Who Are Mizrahi Jews?


Learn about Sephardic Jews here.

Mizrahi Jews come from Middle Eastern ancestry. Their earliest communities date from Late Antiquity, and the oldest and largest of these communities were in modern Iraq (Babylonia), Iran (Persia), and Yemen.

Mizrahi Jews - from Edot Hamizrach, Hebrew for “Jewish communities of the [Middle] East” -  descend from ancient indigenous Jewish settlements outside Israel that existed for more than 2,500 years.

Mizrahi Jews are often confused with Sephardic Jews, who following the Spanish Inquisitions, were integrated into preexisting Mizrahi communities in the Middle East and North Africa.

The oldest and largest of the original Mizrahi communities were in modern Iraq (Babylonia) and Iraqi Kurdistan (Assyria), Iran (Persia), and Yemen. Other Mizrahi communities include Syrian Jews, Egyptian Jews, Lebanese Jews, Georgian Jews, Mountain Jews from Dagestan and Azerbaijan, and Bukharan Jews from Uzbekistan and Tajikistan.

After the establishment of the State of Israel in 1948, in the 1950s and 1960s Arab governments either expelled their Jewish populations, or anti-Jewish actions caused many Mizrahi Jews to leave.

Today, most Mizrahi Jews live either in Israel or the United States. In their new homes, Mizrahi Jews are more likely than other Jews to maintain particularly strong ties with others from their family’s nation of origin. It is common, for example, to find a specifically Persian or Bukharan synagogue.
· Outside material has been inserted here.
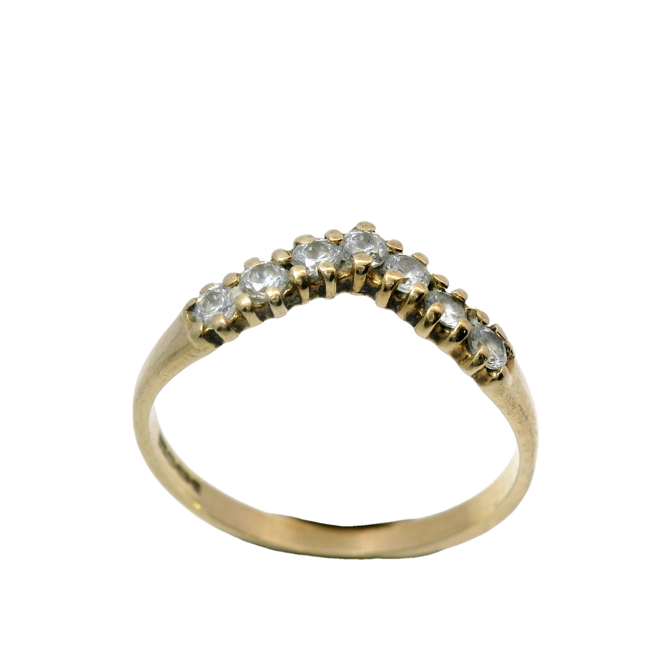 This pre-owned 9CT stone set wishbone ring in size J is the perfect addition to your jewelry collection. Crafted with expertise and precision, this ring boasts a unique wishbone design adorned with beautiful stones. Elevate any outfit with this stunning and one-of-a-kind piece. The band is 2mm wide by 1.5mm in thickness.

Mizrahi Jews are also not united by a single Jewish language; each subgroup spoke its own tongue.

Mizrahi Jews largely arrived in Los Angeles between 1948 and the late 1970s, during this mass exodus from Middle Eastern countries.

More than 500,000 settled in Israel and 200,000 settled in Europe and North America, including Los Angeles. In 1979, after the fall of the shah’s regime and Ayatollah Khomeini’s takeover, the vast majority of Iran’s 80,000-100,000 Jews left the country, which had been home to the world’s oldest continuous Diaspora community. Approximately 30,000 moved to Los Angeles, which became the world’s largest Iranian Jewish community outside Israel.

Longstanding Mizrahi congregations include Sephardic Magen David, originally founded by Syrian and Egyptian Jews; Kahal Joseph, by Iraquis; Eretz Cultural Center and Nessah Congregation, by Iranians; Adat Yeshurun Valley Sephardic Congregation, Em Habanim, Pinto Congregation and Baba Sale Congregation, by Moroccan and North African Jews; and Tiferet Teman, by those from Yemen.